Exercise objective -
Reproduce only the lines below from the line containing "- Garnissez le" to the line containing "Visa din tårtstudio", exactly as written, with both end lines kept. Omit the pictures.

Task inputs -
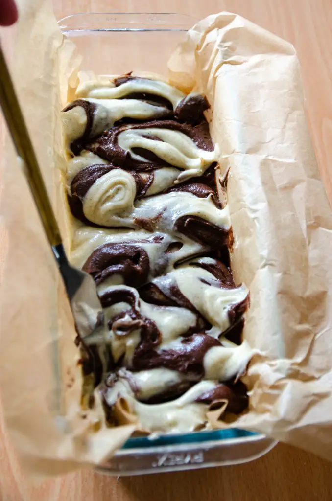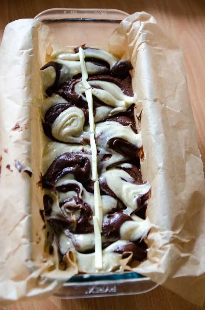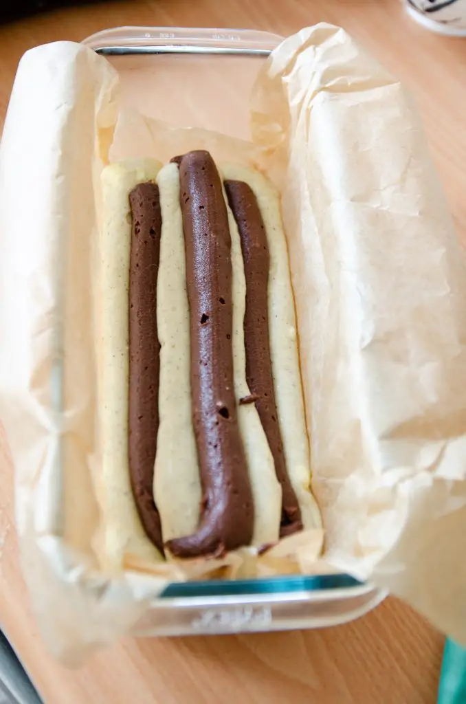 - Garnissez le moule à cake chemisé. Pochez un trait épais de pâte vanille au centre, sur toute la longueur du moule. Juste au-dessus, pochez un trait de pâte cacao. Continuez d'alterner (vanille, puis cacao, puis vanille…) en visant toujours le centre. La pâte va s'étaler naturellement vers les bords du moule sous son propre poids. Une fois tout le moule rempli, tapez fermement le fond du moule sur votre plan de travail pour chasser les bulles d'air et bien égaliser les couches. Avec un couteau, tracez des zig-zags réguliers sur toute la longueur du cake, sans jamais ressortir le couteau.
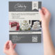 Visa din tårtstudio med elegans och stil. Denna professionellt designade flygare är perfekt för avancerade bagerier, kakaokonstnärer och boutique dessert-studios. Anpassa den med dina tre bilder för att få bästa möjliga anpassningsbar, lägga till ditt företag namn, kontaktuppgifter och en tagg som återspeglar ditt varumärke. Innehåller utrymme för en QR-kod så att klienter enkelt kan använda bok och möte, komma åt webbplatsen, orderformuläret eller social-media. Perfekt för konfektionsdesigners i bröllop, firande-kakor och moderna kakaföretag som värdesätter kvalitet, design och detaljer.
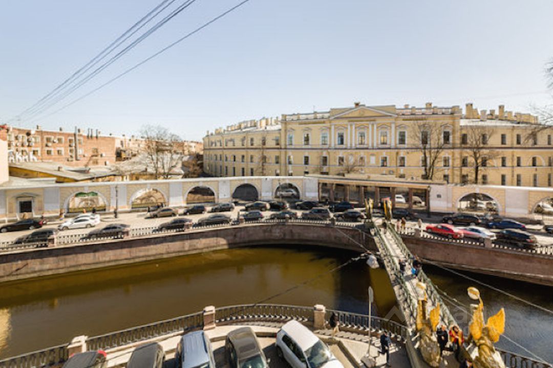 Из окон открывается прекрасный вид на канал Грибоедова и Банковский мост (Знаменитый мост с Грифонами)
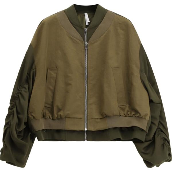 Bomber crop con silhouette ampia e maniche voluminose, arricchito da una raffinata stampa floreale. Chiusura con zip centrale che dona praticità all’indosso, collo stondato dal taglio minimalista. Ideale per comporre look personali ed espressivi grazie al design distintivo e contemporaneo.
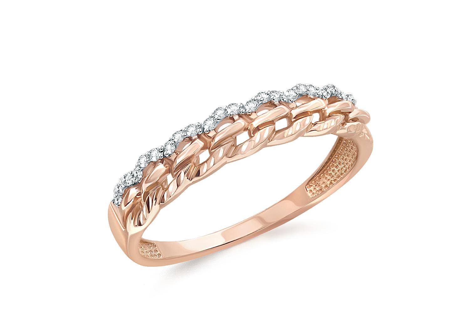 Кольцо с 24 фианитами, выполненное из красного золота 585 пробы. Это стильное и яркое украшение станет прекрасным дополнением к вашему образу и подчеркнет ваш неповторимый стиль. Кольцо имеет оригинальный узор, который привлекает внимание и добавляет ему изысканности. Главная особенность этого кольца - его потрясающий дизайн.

---

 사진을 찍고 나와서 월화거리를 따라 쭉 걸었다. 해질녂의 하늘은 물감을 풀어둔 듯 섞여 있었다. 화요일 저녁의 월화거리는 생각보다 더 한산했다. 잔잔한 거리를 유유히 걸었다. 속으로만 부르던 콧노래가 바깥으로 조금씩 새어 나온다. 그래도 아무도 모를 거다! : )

Output for this task -
 - Garnissez le moule à cake chemisé. Pochez un trait épais de pâte vanille au centre, sur toute la longueur du moule. Juste au-dessus, pochez un trait de pâte cacao. Continuez d'alterner (vanille, puis cacao, puis vanille…) en visant toujours le centre. La pâte va s'étaler naturellement vers les bords du moule sous son propre poids. Une fois tout le moule rempli, tapez fermement le fond du moule sur votre plan de travail pour chasser les bulles d'air et bien égaliser les couches. Avec un couteau, tracez des zig-zags réguliers sur toute la longueur du cake, sans jamais ressortir le couteau.
 Visa din tårtstudio med elegans och stil. Denna professionellt designade flygare är perfekt för avancerade bagerier, kakaokonstnärer och boutique dessert-studios. Anpassa den med dina tre bilder för att få bästa möjliga anpassningsbar, lägga till ditt företag namn, kontaktuppgifter och en tagg som återspeglar ditt varumärke. Innehåller utrymme för en QR-kod så att klienter enkelt kan använda bok och möte, komma åt webbplatsen, orderformuläret eller social-media. Perfekt för konfektionsdesigners i bröllop, firande-kakor och moderna kakaföretag som värdesätter kvalitet, design och detaljer.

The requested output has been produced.